最後尾からスタートする自分を予めイメージ

 そして、実際にその目的に向かって進むとき。

 特に学校や職場などの環境が変わるときなど、新しい集団でやっていけるかなと不安になるときがあります。つらくなりすぎると心が病んでしまうことも。

 潰れないためには、最初から肩の力を抜いて、最後尾からスタートする自分を予めイメージして受け入れておくべきだ(P226)

 最初から調子よく進むと思わないで、むしろ最初はうまくいかないという思いをもって、新しい環境での生活をスタートさせると楽ですよということです。

 みんな、最初は新人だった。
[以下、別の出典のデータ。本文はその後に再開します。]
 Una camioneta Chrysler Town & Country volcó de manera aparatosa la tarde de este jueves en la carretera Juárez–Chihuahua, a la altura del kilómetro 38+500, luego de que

大丈夫、貪欲に学ぶ姿勢と、数年に満たない時間がきっと解決する(P.227)。

 しっかり学ぶ姿勢をもっていれば、あまりあせる必要はないです。きっと何とかなると思って、あまり焦らないでやっていけば大丈夫。

AIには過去の延長線上にない未来を創造することはできない

 ちなみに、最近話題になっている、AIに仕事を奪われるのではという話題についても触れられています。

 AIを用いてマーケティングの分析を行っている筆者の経験から、AIについて、このように述べられています。
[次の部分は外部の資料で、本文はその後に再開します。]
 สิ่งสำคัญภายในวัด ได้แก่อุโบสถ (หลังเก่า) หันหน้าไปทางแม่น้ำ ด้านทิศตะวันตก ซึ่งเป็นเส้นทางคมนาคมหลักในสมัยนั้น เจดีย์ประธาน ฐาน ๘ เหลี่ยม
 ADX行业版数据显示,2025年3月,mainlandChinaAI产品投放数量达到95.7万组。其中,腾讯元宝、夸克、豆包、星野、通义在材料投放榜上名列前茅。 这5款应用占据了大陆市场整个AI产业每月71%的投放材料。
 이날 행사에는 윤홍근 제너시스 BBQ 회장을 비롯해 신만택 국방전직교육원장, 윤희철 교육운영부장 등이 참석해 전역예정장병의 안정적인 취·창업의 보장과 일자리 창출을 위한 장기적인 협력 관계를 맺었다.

AIには、過去の延長線上にない未来を創造することはできない。(P.38)
人間を満足させる情緒的な“肌触り”を扱うのも苦手だ。(P.38)
合理化されるのは、創造的に頭を使っていない仕事だ。(P.39)

 AIが行うことができる処理は、過去の延長線上にあることに限られるということ。

 AIが行うのは、「推論」だといわれることもあります。AIは、過去に得られている結果から学習して、新しいデータに対してどのように処理するかを推論によって決定します。
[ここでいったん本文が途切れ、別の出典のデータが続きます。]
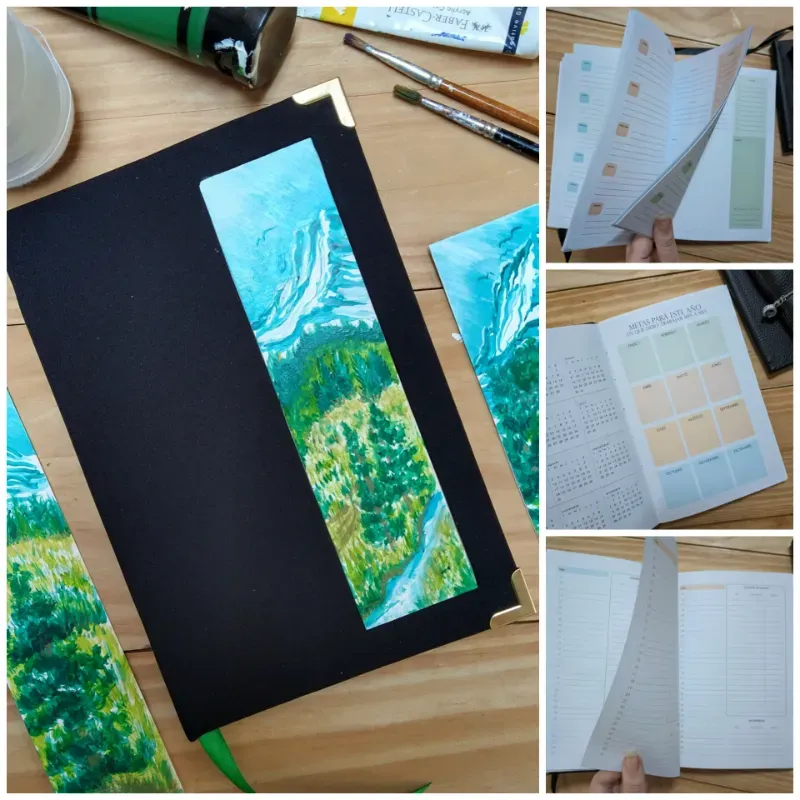 Agenda planner semanal de 80 hojas/160 páginas con portada de tela negra y pintura en acrílico de un prado con esquineros dorados

 なので、過去になかったような発想をすることはAIにはできないということです。

 あと、人間を満足させる情緒的な“肌触り”という表現は、おそらく、聞いている人に気づきや驚きのような感情を起こさせるような話の仕方とか、そんな感じのことなのではないかと思います。

 反対に、頭を使わない単純作業のような仕事はどんどんAIに置き換えられていきます。同じようなデータに、同じような処理をしていくような作業、過去の延長線上にある処理は、AIの得意分野です。

 なので、人間にしかできないしごとを磨いていくのであれば、AIに仕事が奪われると心配することはないということですね。

今日のみどころ

 本「苦しかったときの話をしようか」についてほんの一部を紹介しました。

 正直、かなり高度な内容で、かなりのボリュームがあるので、要約するのは難しいのですが、この記事が少しでも参考になればと思います。

 やりたいことがわからなくて悩んでいるときに、行動を起こすきっかけになりうる一冊です。ぜひ。